WHAT THIS TASK INVOLVES: Give back the whole listing exactly as written, pictures excluded.

DATA TO PROCESS:
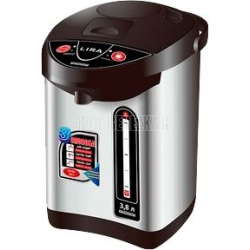 объем 3,8 л, мощность 800 Вт, 220В/50Гц, корпус и колба из нержавеющей стали, 3 способа подачи воды: при нажатии чашкой на клапан, с помощью насоса, с помощью электропомпы, Функция повторного кипячения, Ручка для переноски, Индикатор уровня воды.
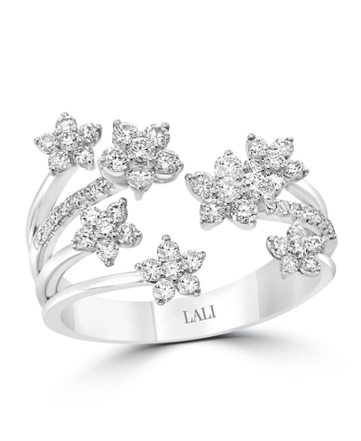 Ruby (3/8 Ct. T.w.) & Diamond (1/6 Ct. T.w.) Five Flower Ring In 14k Gold (also In White Gold) In Blue
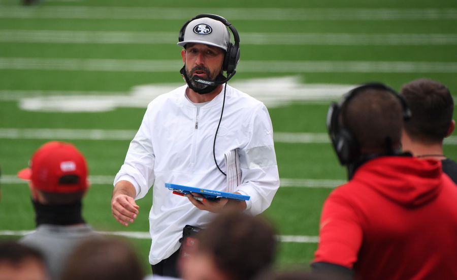 Sep 27, 2020; East Rutherford, New Jersey, USA; San Francisco 49ers head coach Kyle Shanahan during the second quarter of a NFL football game against the New York Giants at MetLife Stadium. Mandatory Credit: Robert Deutsch-USA TODAY Sports
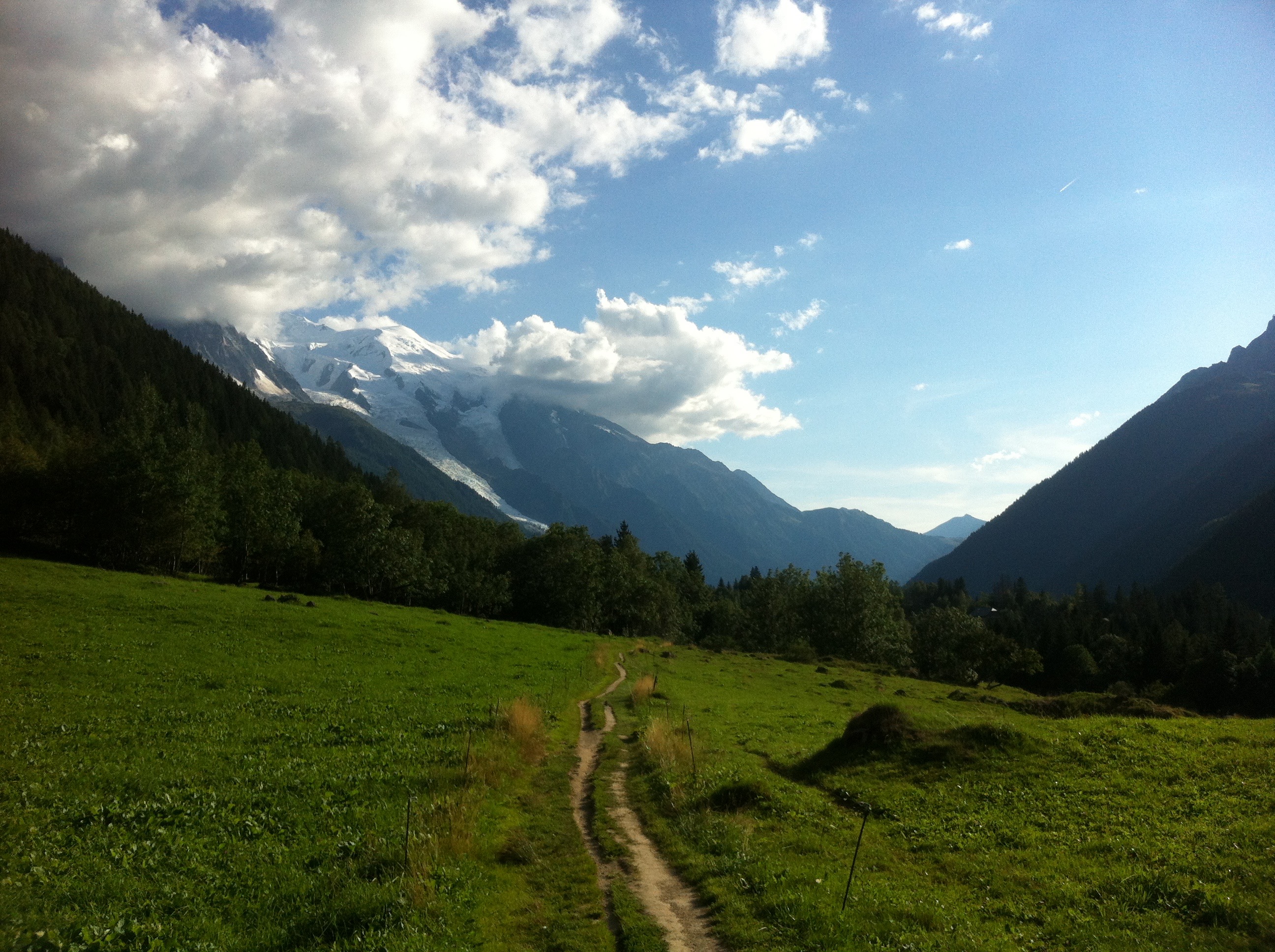 After buying some necessary hiking items such as water and gas for the Jetboil boiler, we started the 1st part of the Haute Route walking along the river and continued up to the The Petit Balcon Nord. The path was different from the one in our guidebook, but recommended by the guy at the Maison de la Montagne. After coming out in the pasture, we could clearly see the Mont Blanc mountain range behind us and could not help but turning our head back again and again to get another glimpse of the majestic scenery.
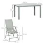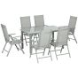 7 Piece Garden Dining Set, Outdoor Table and 6 Folding and Reclining Chairs, Aluminium Frame, Tempered Glass Top Table, Texteline Seats, Grey
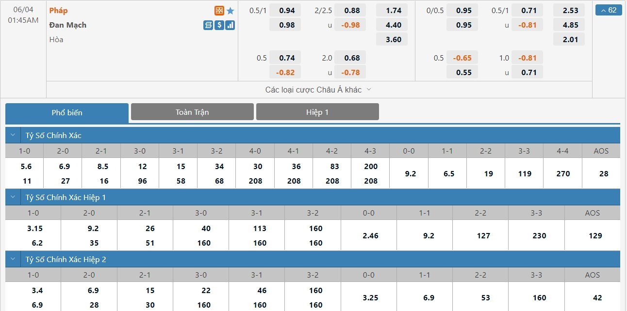 Soi kèo tài xỉu, kèo tỷ số Pháp vs Đan Mạch

FINISHED TASK:
 объем 3,8 л, мощность 800 Вт, 220В/50Гц, корпус и колба из нержавеющей стали, 3 способа подачи воды: при нажатии чашкой на клапан, с помощью насоса, с помощью электропомпы, Функция повторного кипячения, Ручка для переноски, Индикатор уровня воды.
 Ruby (3/8 Ct. T.w.) & Diamond (1/6 Ct. T.w.) Five Flower Ring In 14k Gold (also In White Gold) In Blue
 Sep 27, 2020; East Rutherford, New Jersey, USA; San Francisco 49ers head coach Kyle Shanahan during the second quarter of a NFL football game against the New York Giants at MetLife Stadium. Mandatory Credit: Robert Deutsch-USA TODAY Sports
 After buying some necessary hiking items such as water and gas for the Jetboil boiler, we started the 1st part of the Haute Route walking along the river and continued up to the The Petit Balcon Nord. The path was different from the one in our guidebook, but recommended by the guy at the Maison de la Montagne. After coming out in the pasture, we could clearly see the Mont Blanc mountain range behind us and could not help but turning our head back again and again to get another glimpse of the majestic scenery.
 7 Piece Garden Dining Set, Outdoor Table and 6 Folding and Reclining Chairs, Aluminium Frame, Tempered Glass Top Table, Texteline Seats, Grey
 Soi kèo tài xỉu, kèo tỷ số Pháp vs Đan Mạch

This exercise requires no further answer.